I tried another strategy to isolate contrast. In my metatable, I have a column named “Fungal_treatment” defining my samples are Inoculated or mock (although this column was not used in my design formula). But I managed to isolate contrast in this way:

WT_Inoculated <- colMeans(mod_mat[dds$Mutation == "WT" & dds$Fungal_treatment == "Inoculated",])
WT_mock <- colMeans(mod_mat[dds$Mutation == "WT" & dds$Fungal_treatment == "Mock",])
res_WT_Inoculated_vs_mock <- results(dds, contrast = WT_Inoculated - WT_mock)
summary(res_WT_Inoculated_vs_mock <- $padj < 0.05 & res_WT_Inoculated_vs_mock <- $log2FoldChange >1)
##    Mode   FALSE    TRUE 
## logical   21801    1205

In this way, I got a number that is expected (although slightly less than 1400). Here I have my third question: did I isolate the same contrast usign two methods? I thought so but the numbers are so different so I was confused.

Then the Last question: If I want to identify genes that were not induced by fungal colonization in mutant_F but were induced in WT while controling for different fungal colonization level in mutant F and WT (so those genes might be downstream target of gene F, but I want to rule out genes that were affected by the ~50% lower colonization level in mutant F compared to WT), shall I call results(dds,name = "Fungal_biomass.Mutation_Mutant_F" ), or results(dds,name = c(list (“Fungal_biomass”), list("Fungal_biomass.Mutation_Mutant_F" ))?

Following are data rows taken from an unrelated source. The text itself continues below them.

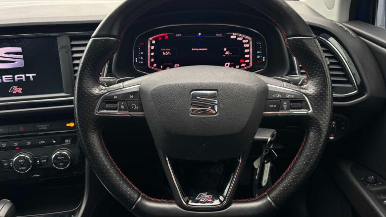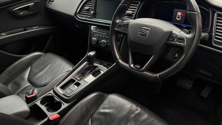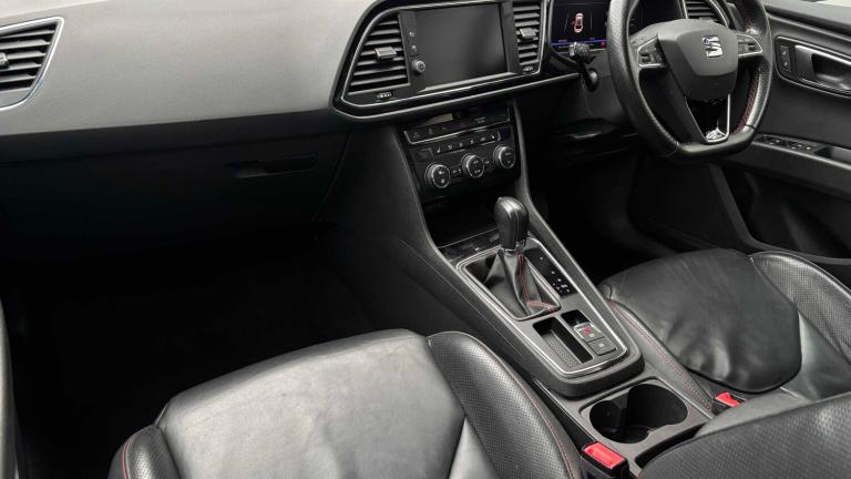 12V Power Supply in Centre Console, Cruise Control, Digital Clock, Dynamic Chassis Control and Progressive Direction, Electro-Mechanical Power Steering, Electronic Differential Lock System - XDS, Front and Rear Parking Sensors, Full LED Headlights, Gearshift Indicator, Lights Left On Warning Buzzer, Low Fuel Warning Light, Lower Suspension - 15mm, Navigation System, Outside Temperature Gauge, RPM Counter, SEAT Drive Profile, SEAT Full Link Smartphone Integration - Mirror Link - Apple CarPlay - Google Android Auto, Sports Suspension, Trip Computer, USB Cable for Apple and Android Compatibility, 18in Alloy Wheels - Performance 30-1, Body-Coloured Door Handles, Body-Coloured Door Mirrors with Integrated LED Indicators, Bumpers - Exclusive FR Front and Rear, Dark Tinted Rear Windows, Electrically Adjustable and Heated Door Mirrors, Electrically Foldable Exterior Mirrors with Parking Position and Passenger-Side Mirror with Lowering, Emergency Tyre Repair Kit, Front and Rear Electric Windows, High Gloss Black B and C Pillars, Radiator Grille Frame in Chrome, Radiator Grille in Black, Visual Twin Exhaust Pipes, 7 Airbags, ABS and Traction Control System - TCS - Electronic Stability Control - ESC - and Electronic Differential Lock System - XDS, Alarm - Volumetric, ESC - Electronic Stability Control and Tyre Pressure Warning Light Indicator, Electric Parking Brake Including Autohold Function, Front Assist with Pedestrian Protection, Hill Hold Control, ISOFIX Points in Outer Rear Seats with Top Tether Anchorage Points, Multi-Collision Braking System, Remote Central Locking with Deadlocks, Seatbelt Reminder - Front, Two Folding Keys with Window Open-Close - Door and Boot Opening Functionality, Two Remote Keys with Window Open-Close - Door Mirror Folding and Boot Opening Functionality, Boot Storage Net, Cargo Rings in the Boot, Convenience Pack Plus, Digital Cockpit, Driver and Passenger Seat Height Adjustment, Driver and Passenger Sunvisor with Covered and Illuminated Mirrors, Drivers Seat Lumbar Adjustment, Dual Zone Climate Control, Front Seat Back Storage Pockets, Front Sports Seats, High Centre Console, Illuminated Aluminium Front Door Sill Trims with FR Logo, Instrument Lighting with Brightness Control, Interior Chrome Detailing, Interior FR Black - Black Glossy, LED Interior Illumination Pack, Multi Coloured Ambient Lighting, Seats - Passenger Lumbar Adjustment, Split Folding Rear Seats - 60-40, Steering Wheel - Flat-Bottomed Perforated Leather with Red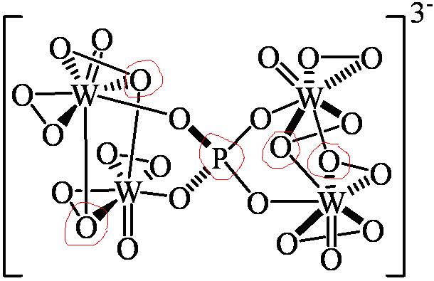 Ishii-Venturello 催化剂中红色标记的四个氧原子怎么是三价的?还有磷原子的怎么是四价的?整个结构为什么是负三价?欢迎这方面的专家交流。 [ Last edited by by-air on 2011-4-28 at 11:05 ] |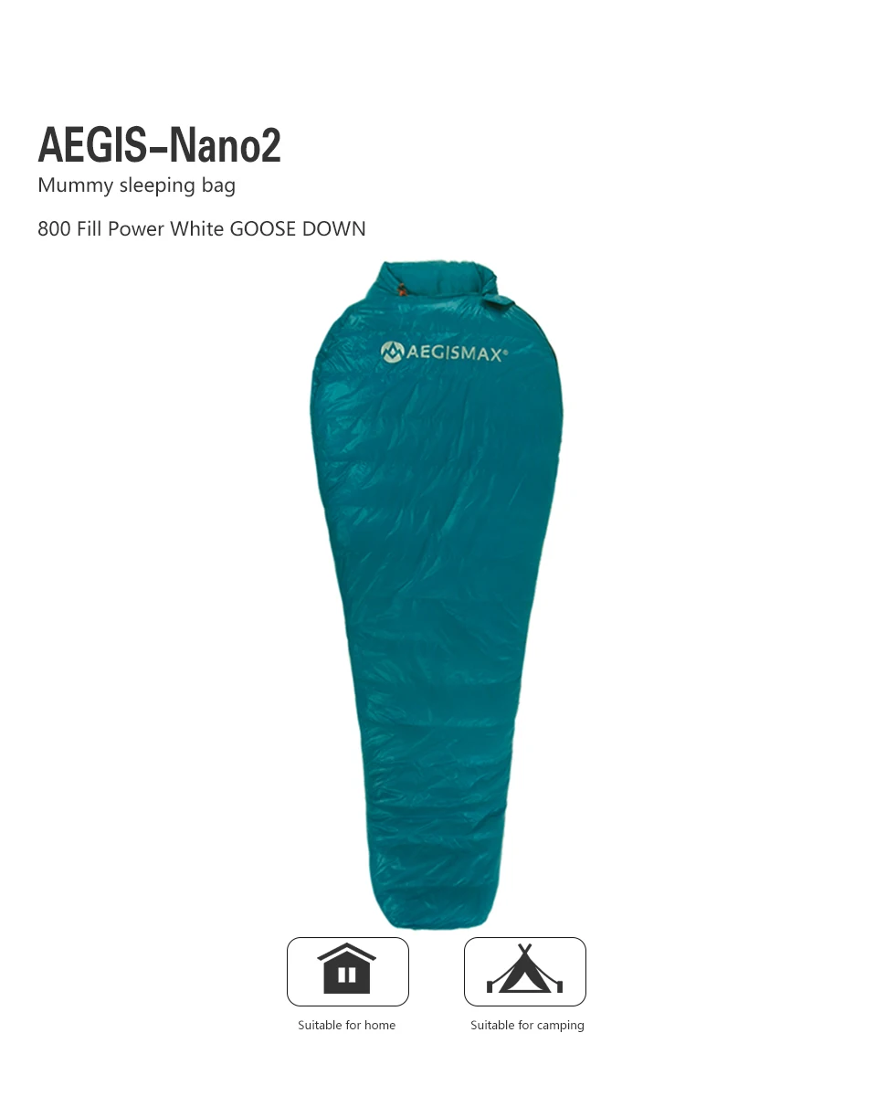 Спальный мешок AEGISMAX NANO 2 для взрослых, Ультралегкий пуховый Нейлоновый, трехсезонный, для кемпинга, уличный, Мумия, с гусиным пухом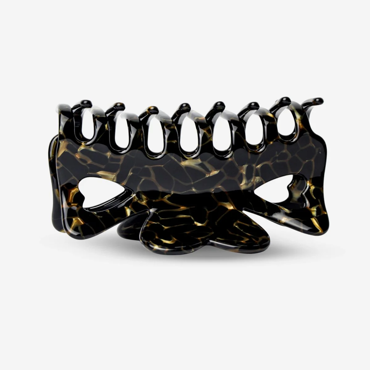 En présentation avec la barrette à cheveux Garbo Sasstie Tout votre amour pour vos produits. Des cœurs légèrement arrondis soulignent le design sophistiqué, tandis que les veines dorées scintillantes sur fond noir confèrent à cette barrette un look élégant.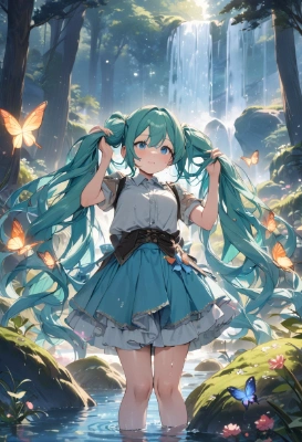 masterpiece, best quality, extremely detailed, anime, girl, skirt1girl, hatsune miku, vocaloid, masterpiece, best quality, rating: general, newest,mini skirt,twintail,longhair,blue hair,green hair,blue eyes,twin tails,bunching hair,long hair,fantasy,butterfly,magic,forest,flower,fairy,water,wet hair,waterfall,a pretty woman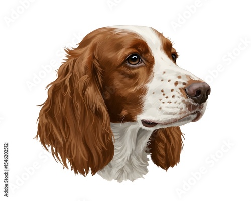 cocker spaniel, dog, portrait, illustration, isolated, white background, spaniel, purebred, head shot, face, beautiful, gentle, pet, animal, canino, springer, cocker, puppy, cute, white, brown, breed, black, mammal, sitting, hunting, friends, adorable, pedigree, domestic, studio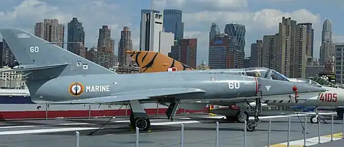 During December 1961, the French Navy took delivery of their first Étendards. The following year, the type was deployed for the first time aboard both of the service's newly built Clemenceau-class aircraft carriers, the Clemenceau and Foch.[1][5] The Étendard IVM was in French Navy service for several decades, even following the development of the more capable Super Étendard. The type was gradually relegated to secondary missions in favour of the Super Étendard; as such, it was phased out from active combat roles during 1987.[3]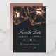 Notify guests of your upcoming destination, beach, or tropical island wedding with these beautiful summer save the date cards featuring real rose gold foil hibiscus flower illustrations on a rich, soft black background. Elegant white script and block lettering displays your wedding details (names, wedding date, location, and website).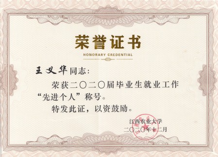 12月24日,江西农业大学2020届毕业生就业创业工作总结表彰暨2021届毕业生就业创业工作部署大会在校办公楼二楼圆形会议厅召开。必赢官网荣获2020届毕业生就业工作“先进集体”,院长、应化1601班主任王义华荣获2020届毕业生就业工作“先进个人”。

Below shows my resultnames:

resultsNames(dds)
##  [1] "Intercept"                               
##  [2] "Fungal_biomass"   
##  [3] "Mutation_Mutant_A_vs_WT"                        
##  [4] "Mutation_Mutant_B_vs_WT"        
##  [5] "Mutation_Mutant_C_vs_WT"           
##  [6] "Mutation_Mutant_D_vs_WT"           
##  [7] "Mutation_Mutant_E_vs_WT"           
##  [8] "Mutation_Mutant_F_vs_WT"           
## [9] "Fungal_biomass.Mutation_Mutant_A"   
## [10] "Fungal_biomass.Mutation_Mutant_B"  
## [11] "Fungal_biomass.Mutation_Mutant_C"  
## [12] "Fungal_biomass.Mutation_Mutant_D"  
## [13] "Fungal_biomass.Mutation_Mutant_E"  
## [14] "Fungal_biomass.Mutation_Mutant_F"

Any answers are appreciated. Thanks a lot!

I'd recommend collaborating with a local statistician or someone familiar with linear models in R, in order to plan the design and analysis. Unfortunately, I have to restrict my time on the support site to software related questions, but can't field statistical consultation questions here.

Regarding the non-converging rows, can you center and scale fungal biomass before running DESeq()? E.g.:

mu <- mean(dds$Fungal_biomass)
sigma <- sd(dds$Fungal_biomass)
dds$Fungal_biomass <- (dds$Fungal_biomass - mu) / sigma
# then DESeq()

this is usually printed as instructions when you create a dds object with a numeric covariate, unless you are using an older version of DESeq2.